I am a 28 year old male about 6'5" and my wieght fluctuates between 260 and 290 pounds. I can never seem to stay at an even or normal weight. I don't consider myself to be fat, but I know I am overwheight by standards. I have had burning in urination for a number of years now. I have been diagnosed with infections of sorts over the years but the burning never left. I have tested for many types of std's and stones, and they recently took extensive x-rays of my mid-section. I had even one incident where blood came out in my semen during sex. I also feel different from day to day.
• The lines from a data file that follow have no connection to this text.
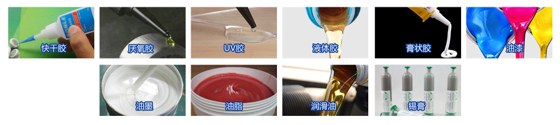 常用胶水特性:快干胶、厌氧胶、UV胶、液体胶、膏状胶、油漆、油墨、油脂、润滑油、锡膏等。 | |||
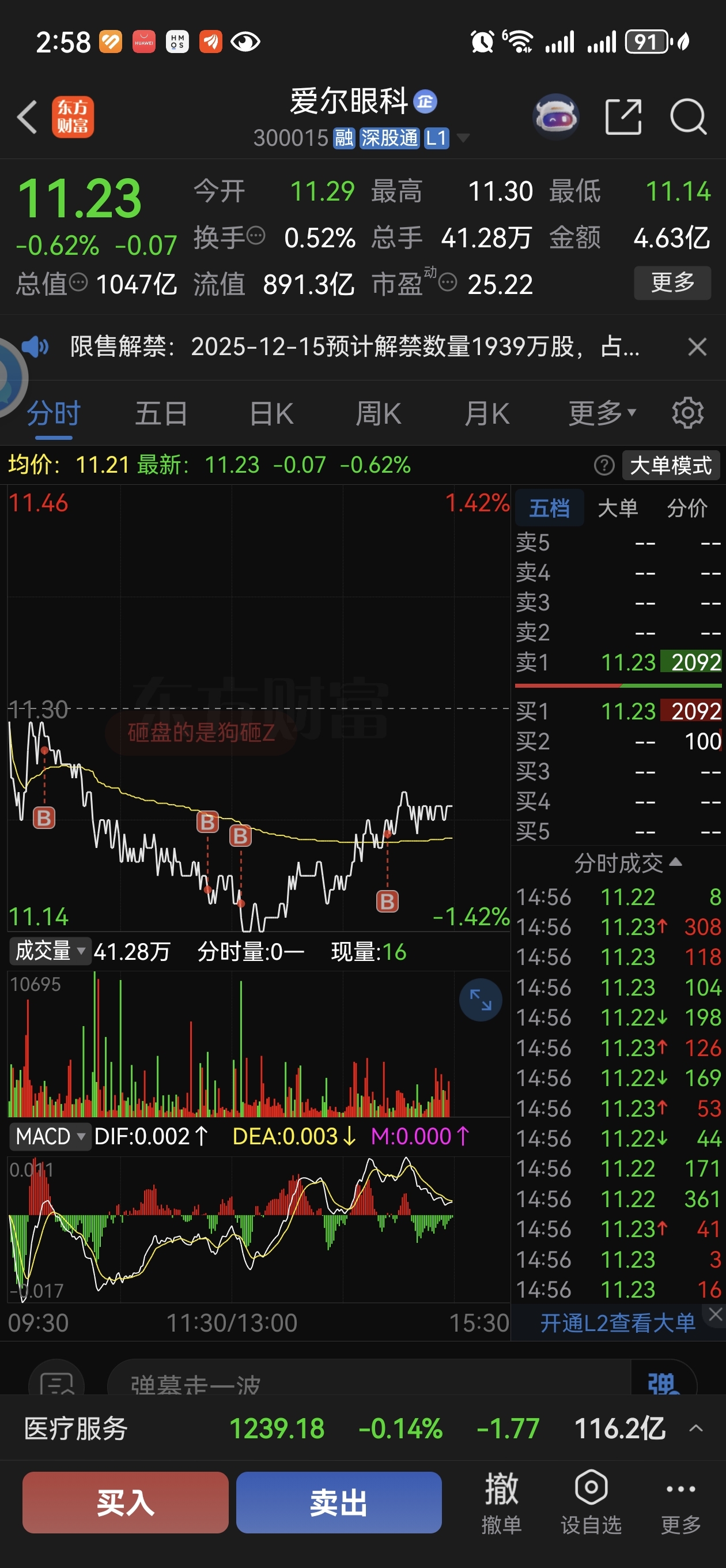 $爱尔眼科(SZ300015)$ 之前抄的底11.43出了,还以为卖飞,这次的下杀买一些回来。
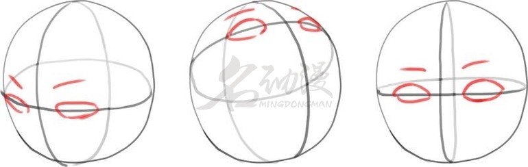第一步:首先,我们画一个圆圈,确定头部的大小。我想很多人会先从眼睛开始画画,但是先画眼睛的话就很难平衡,也很难确定头部的带下,所以最好先决定完成的大小,然后再开始画。画完圆形之后要记住了圆形不是扁平的,而是一个球体。我们在球体上画一个十字五官定位线,确定好位置之后就可以在五官定位线上画上眼睛啦。
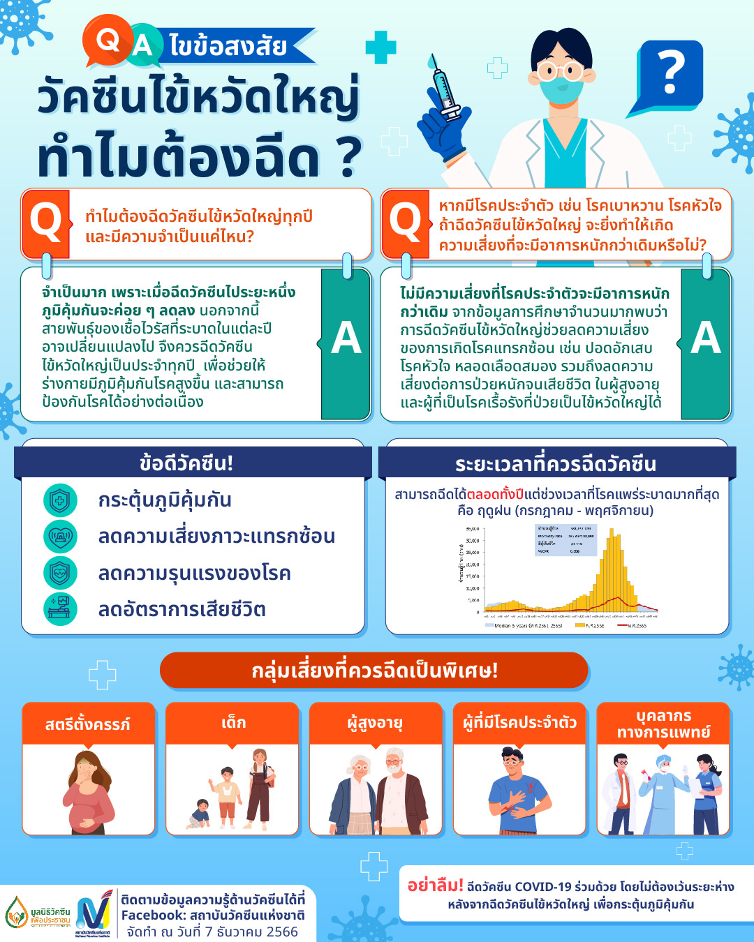 ในปี 2566 ไข้หวัดใหญ่กลับมาระบาดหนัก โดยพบผู้ป่วยมากขึ้นถึง 6 เท่าเมื่อเทียบกับปีที่ผ่านมา ข้อมูลจากกรมควบคุมโรค ปี 2566 พบผู้ป่วย 404,896 ราย พบว่ามีผู้ติดเชื้อประมาณ 12,000 รายต่อสัปดาห์ และปีนี้มีผู้เสียชีวิตแล้ว 26 ราย ทั้งนี้ ไข้หวัดใหญ่เป็นโรคติดต่อในระบบทางเดินหายใจ โดยผู้ติดเชื้อจะได้รับเชื้อที่ปนเปื้อนอยู่ในอากาศ จากการไอ จาม หรือพูดจากผู้ป่วยที่มีอาการดังกล่าว หรือจากการสัมผัสกับพื้นผิวที่มีเชื้อไวรัสไข้หวัดใหญ่ เราสามารถป้องกันได้ด้วยการสวมหน้ากากอนามัย ล้างมือบ่อย ๆ และหลีกเลี่ยงสถานที่แออัด นอกจากนี้วิธีป้องกันที่ได้ผลดี และช่วยลดความรุนแรงของอาการเจ็บป่วยได้ คือ “การฉีดวัคซีน”
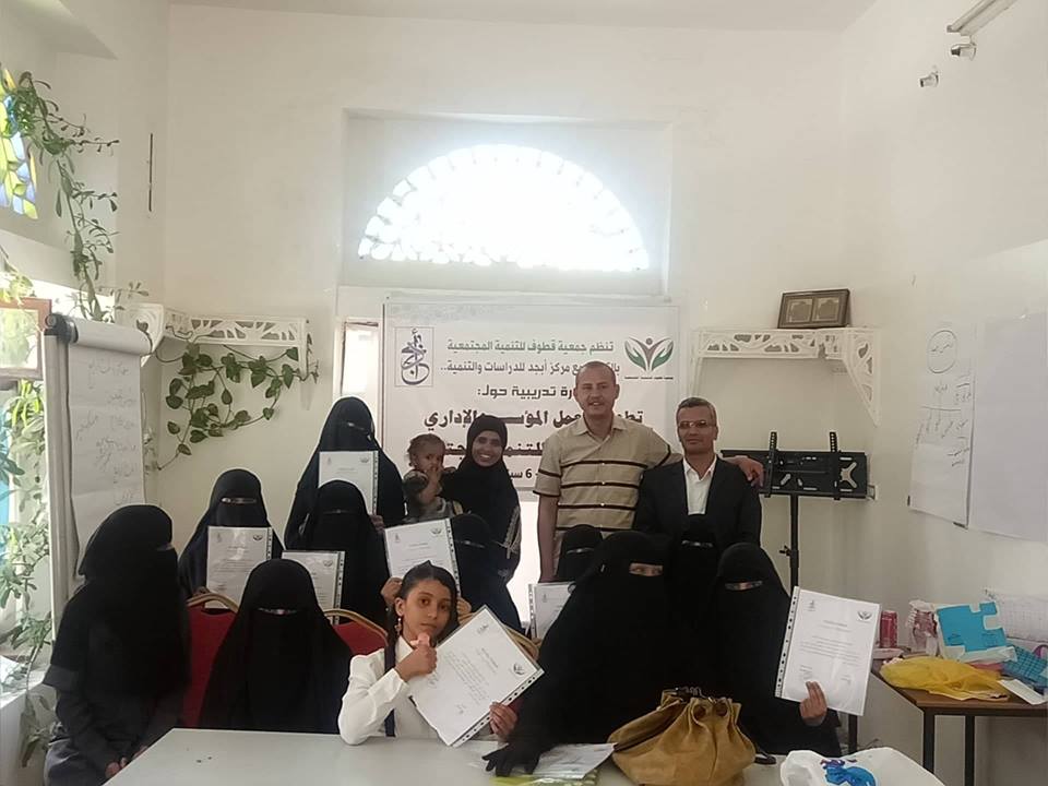وقال: نشكر جمعية قطوف لمبادرتها بتنظيم دورة لتدريب فريقها الإداري كما نشكر مركز أبجد للدراسات والتنمية لإسهامه الفاعل في تدريب منظمات المجتمع المدني في محافظة ذمار وتقديم الخدمات الاستشارية لهذه المنظمات.
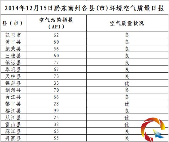 2014年12月15日黔東南州各縣(市)環(huán)境空氣質量日報
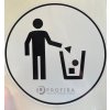Samolepka na odpadkový koš, která vybízí kolemjdoucí, aby odpadky vhazovali do odpadkového koše a ne na zem.

Sometimes I am very energectic and others I feel like I can't get going. I do use nicotine( dipping), and I drink alcohol about 3 times a month. I have tried taking creatine and protiens, but my energy and weight fluctuates dramaticaly from week to week. I also get bloated at times, but it seems to come and go. For awhile I thought maybe something was wrong with my Kidneys, but the docs. say they are fine. I have had a prostate check twice in the last 8 months. I can function like this, but it is very frustrating to deal with. The burning is bad sometimes, and bearable others. Mostly I would just like to feel normal on a daily basis, and figure out what is going on in my urinary system. One other thing I can say is my moods change with my symptoms. Any suggestion would be appreciated. Thank You.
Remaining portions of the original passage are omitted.